「ここは?」
野々野足軽達はなんか寂れた廃村? みたいな所にきた。山を下って登って更に下って、何故にこんな所に来たのかはなぞだ。かなり古そうな建物が多くて、それらはまさに時代に取り残されたかのような……そんな家屋が目立つ。
「ふふ、なんでこんな廃村にって思うでしょ?」
「それは……まあ」
幾代はなんか感慨深げに村の入口で奥を見つめてる。この村の入口みたいなところには鳥居というか? そんなのの跡がみえる。普通に道路を通るだけでは絶対に来れないような……そんな場所にあるこの廃村は入口に大きな鳥居なのか……それか門があったようだ。
だってそんな大きな柱が両端にあるのがわかる。上の方は朽ちてなくなってるが、柱はまだなんとか残ってる……て状態だ。
「ほら、なにかありそうでしょ?」
「は? 家探しでもする気か? やだよ。呪われそうだし」
どうやら幾代は探検がしたいそうだ。出会って思ってたが、なんか幾代には男の子のようなバイタリティがあるようだ。見た目はめっちゃ女の子何だけどな……と思う野々野足軽。
「はあそっか。なら家探しはいいからちょっと村を見て回ろう? それな良いでしょ?」
「まあそれなら……どうだ?」
そんな風に二人が話してる間、残りの一人である小頭は何をしてのかというと、脚をめっちゃガクブルさせて、恐怖で震える体を休ませてたわけだ。
「てか……一人でいるほうが怖いし……」
まだ日は高い。けどどうやらさっきから小頭は周囲をキョロキョロとして怯えてる。別に何も足軽的には感じることはない。てかなんなら幽霊とか出たりしてもどうにかできる……という自信しか足軽にはない。

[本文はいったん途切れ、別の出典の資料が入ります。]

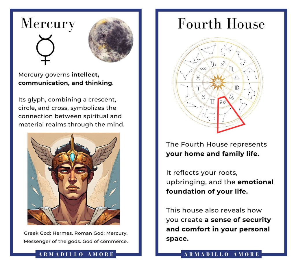 At its best, Mercury in the Fourth House gives a thoughtful, emotionally intelligent communicator who understands the power of words to heal, connect, and honor the past. This placement supports a strong inner voice, one that finds truth not just in logic, but in the stories we carry—and the ones we choose to rewrite.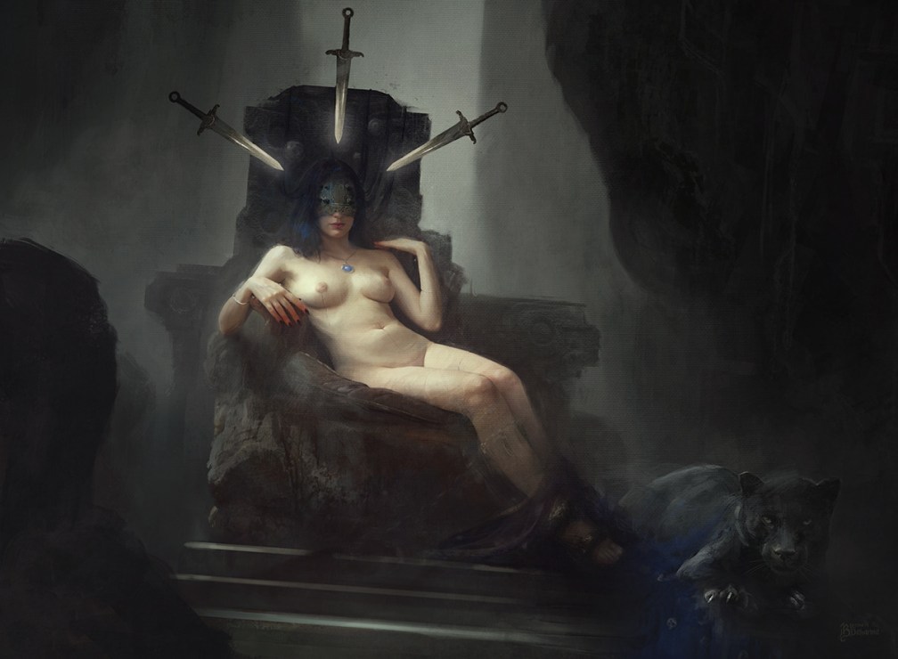 Ink and gouache on paper“Who is She that looketh forth as the morning, fair as the moon, clear as the sun and terrible as an army with banners?”

だから恐怖を感じてないわけだが、ここの雰囲気はただの女子中学生である小頭には日中であっても雰囲気があるみたいだ。風によってざわめく木々のこすり合う音とか……それがなにか……それこそ冥府にいざなう者たちの囁きとかに聞こえてるのかもしれない。
それに極めつけに幾代がこんなことをいった。
「ほら、ホラーな体験は夏の醍醐味っしょ!」
それはそれはとてもいいウインクだった。 というわけで、足軽たちはこの廃村を見て回ることになったのだ。恐怖があるのか、自転車のときよりも更に近くで小頭は野々野足軽の背中にひっついて歩いてた。
「暑いんだけど?」
「うっさい、お兄ちゃんでしょ」
そう言われると何も文句が言えない野々野足軽だった。なにせお兄ちゃんだからだ。そんな様子をとても微笑ましそうに幾代は観てた。